Starting the Sealey Challenge

Reading poetry is something I love and have done for decades, but sometimes it still intimidates me, either because I’m in awe of the poet’s skill or I’m frightened by the depths of emotions the words take me to. 

That’s why I loved discovering #theSealeychallenge last year and why I’m doing it again this year. Reading a poetry book a day for a month (or 100 pages a day, or however close I could come to that) was so freeing! At first I approached it like a task to do well, but I soon realized the only way I could do it was to let go of how I normally read (slowly, carefully, thoughtfully) and just go for it. Let the words flow over my eyeballs, my brain, my heart. Devour the words like popcorn, instead of eating them gingerly like petites fours.

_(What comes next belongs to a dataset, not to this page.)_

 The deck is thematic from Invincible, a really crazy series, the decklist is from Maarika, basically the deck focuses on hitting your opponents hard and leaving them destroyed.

I discovered some poets whose work amazed and excited me. I slogged through some who just didn’t do it for me. But the best gift I got from the experience was gorging on words, trusting that they were changing me even as I let them go, like racing down a highway with the windows open, poems written all over the land.

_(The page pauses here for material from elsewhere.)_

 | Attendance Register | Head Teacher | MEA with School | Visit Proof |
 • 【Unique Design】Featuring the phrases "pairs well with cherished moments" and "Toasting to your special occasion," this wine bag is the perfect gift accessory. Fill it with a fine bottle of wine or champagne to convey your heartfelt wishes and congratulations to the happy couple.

My bookshelf, ready to go!

Wednesday, July 8, 2020


Spring for me
Is autumn for them
With their seed-hair
Bright as grandma’s halo
Then naked as a man
With no teeth
They say
Our work here is done
But you must keep on
Keep on
Don’t fight the wind
Use it

I wrote this poem-sketch while sitting outside in early spring, one of those days when warmth feels new and precious. Each being is on its own schedule, all of us overlapping and interlocking like a great tapestry of life and death. One of my grandmothers had a head of white, curly hair that shone like a halo when she visited me in a dream.

Wednesday, July 1, 2020

Sunlight Poem

Today I slept late
And missed the newborn day
With its soft innocence
Its basket of knitted possibilities

The warm light of the sun
The bright light of the sun
The harsh light of the sun
Exposes a beetle on a leaf of grass
Sharpens each blade into a knife
Silences the flowers

It started before Eve
Was framed, exiled beyond
The first of many walls

Let there be light
Meant let there be
Have and have nots

No one talks now
but trucks and sparrows

This poem started as notes that I jotted down while drinking my tea outside one morning in the middle of May. I had slept later than I normally do, and I noticed how much stronger the sunlight was, plus how much quieter were the local animals. Instead of peaceful and warm, sitting in the sun at that point was unpleasant and hot! The experience reminded me of this little poem by Valerie Worth and also got me thinking about how power and goodness are relative and contextual. (The link to Worth’s poem is from a tribute in No Water River.) The image shows the fence shadow I was looking at.